Shifting gears, as always our final set of benchmarks is a look at compute performance. As we have seen with GTX 680, GK104 appears to be significantly less balanced between rendering and compute performance than GF110 or GF114 were, and as a result compute performance suffers.  Cache and register file pressure in particular seem to give GK104 grief, which means that GK104 can still do well in certain scenarios, but falls well short in others.

Our first compute benchmark comes from Civilization V, which uses DirectCompute to decompress textures on the fly. Civ V includes a sub-benchmark that exclusively tests the speed of their texture decompression algorithm by repeatedly decompressing the textures required for one of the game’s leader scenes. Note that this is a DX11 DirectCompute benchmark.

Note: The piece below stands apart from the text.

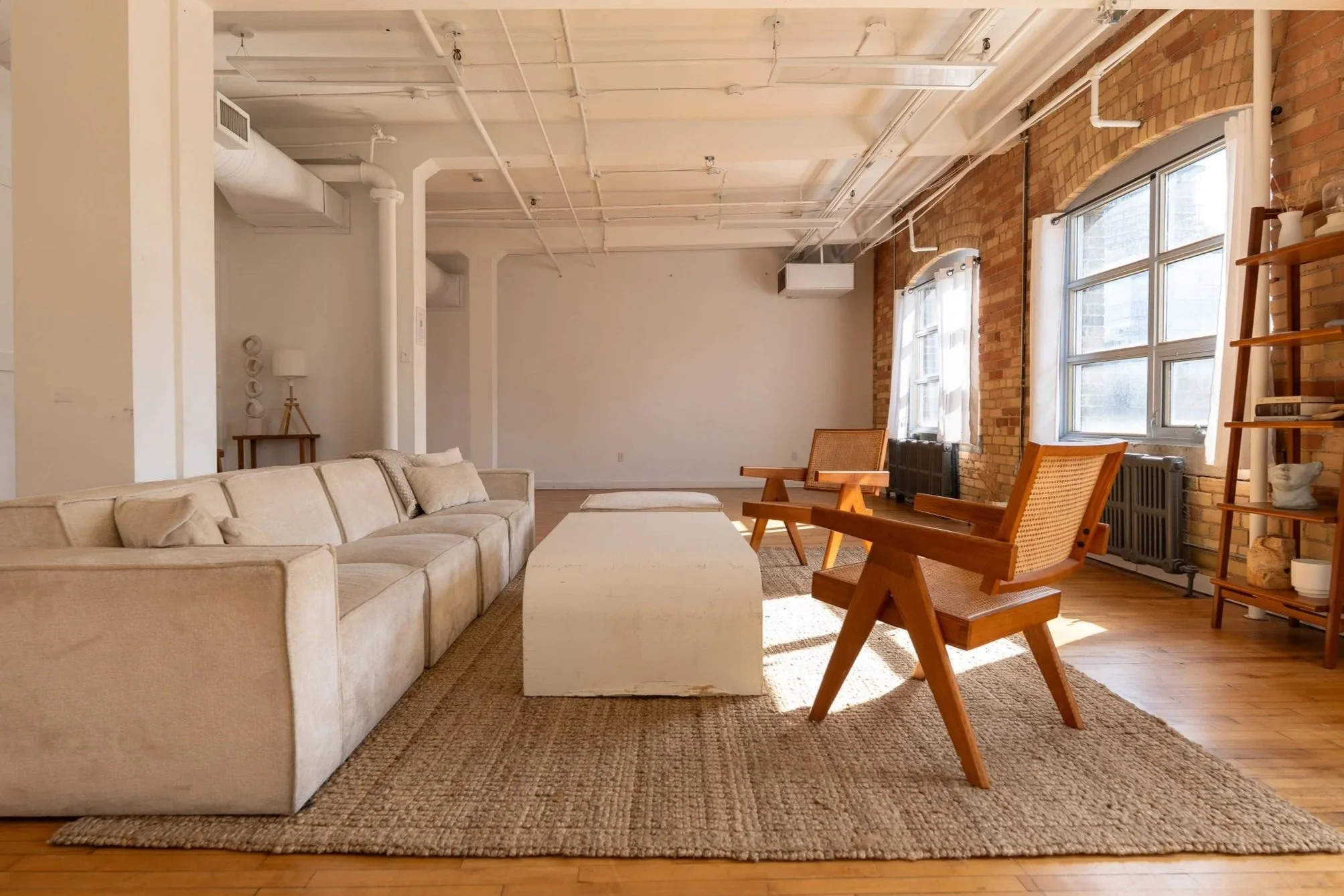 Hygge has natural light pooling in from its southern exposure. The exposed brick wall transports you to a chic loft somewhere in SOHO. Opposite the window-lined brick wall two walls have been outfitted with paneling for added character and depth in your photos.

It’s quite shocking to see the GTX 670 do so well here. For sure it’s struggling relative to the Radeon HD 7900 series and the GTX 500 series, but compared to the GTX 680 it’s only trailing by 4%. This is a test that should cause the gap between the two cards to open up due to the lack of shader performance, but clearly that this not the case. Perhaps we’ve been underestimating the memory bandwidth needs of this test? If that’s the case, given AMD’s significant memory bandwidth advantage it certainly helps to cement the 7970’s lead.

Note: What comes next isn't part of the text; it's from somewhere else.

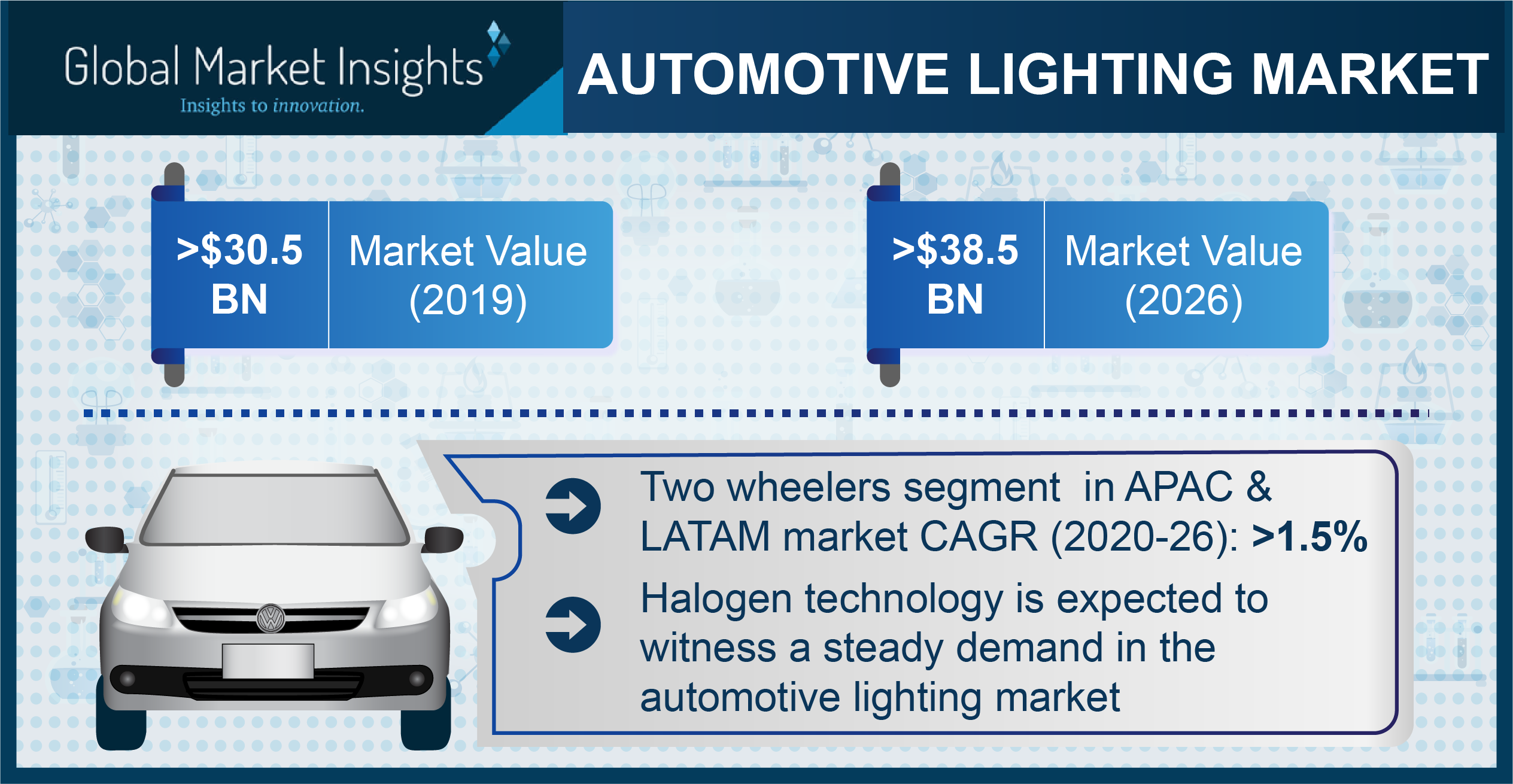 SELBYVILLE, Del., August 5, 2020 (Newswire.com) - ​Global Market Insights, Inc. has recently added a new report on the automotive lighting market which estimates the market valuation for automotive lighting will cross US$ 38.5 billion by 2026. Continuous innovation and introduction of new products along with proliferation of automotive lighting solutions with intelligent sensor technologies in cars and commercial vehicles is anticipated to drive the industry growth.

Our next benchmark is SmallLuxGPU, the GPU ray tracing branch of the open source LuxRender renderer. We’re now using a development build from the version 2.0 branch, and we’ve moved on to a more complex scene that hopefully will provide a greater challenge to our GPUs.

SmallLuxGPU on the other hand finally shows us that larger gap we’ve been expecting between the GTX 670 and GTX 680. The GTX 680’s larger number of SMXes and higher clockspeed cause the GTX 670 to fall behind by 10%, performing worse than the GTX 570 or even the GTX 470. More so than any other test, this is the test that drives home the point that GK104 isn’t a strong compute GPU while AMD offers nothing short of incredible compute performance.

For our next benchmark we’re looking at AESEncryptDecrypt, an OpenCL AES encryption routine that AES encrypts/decrypts an 8K x 8K pixel square image file. The results of this benchmark are the average time to encrypt the image over a number of iterations of the AES cypher.

Once again the GTX 670 has a weak showing here, although not as bad as with SmallLuxGPU. Still, it’s enough to fall behind the GTX 570; but at least it’s enough to beat the 7950. Clockspeeds help as showcased by the EVGA GTX 670SC but nothing really makes up for the missing SMX.

Our foruth benchmark is once again looking at compute shader performance, this time through the Fluid simulation sample in the DirectX SDK. This program simulates the motion and interactions of a 16k particle fluid using a compute shader, with a choice of several different algorithms. In this case we’re using an (O)n^2 nearest neighbor method that is optimized by using shared memory to cache data.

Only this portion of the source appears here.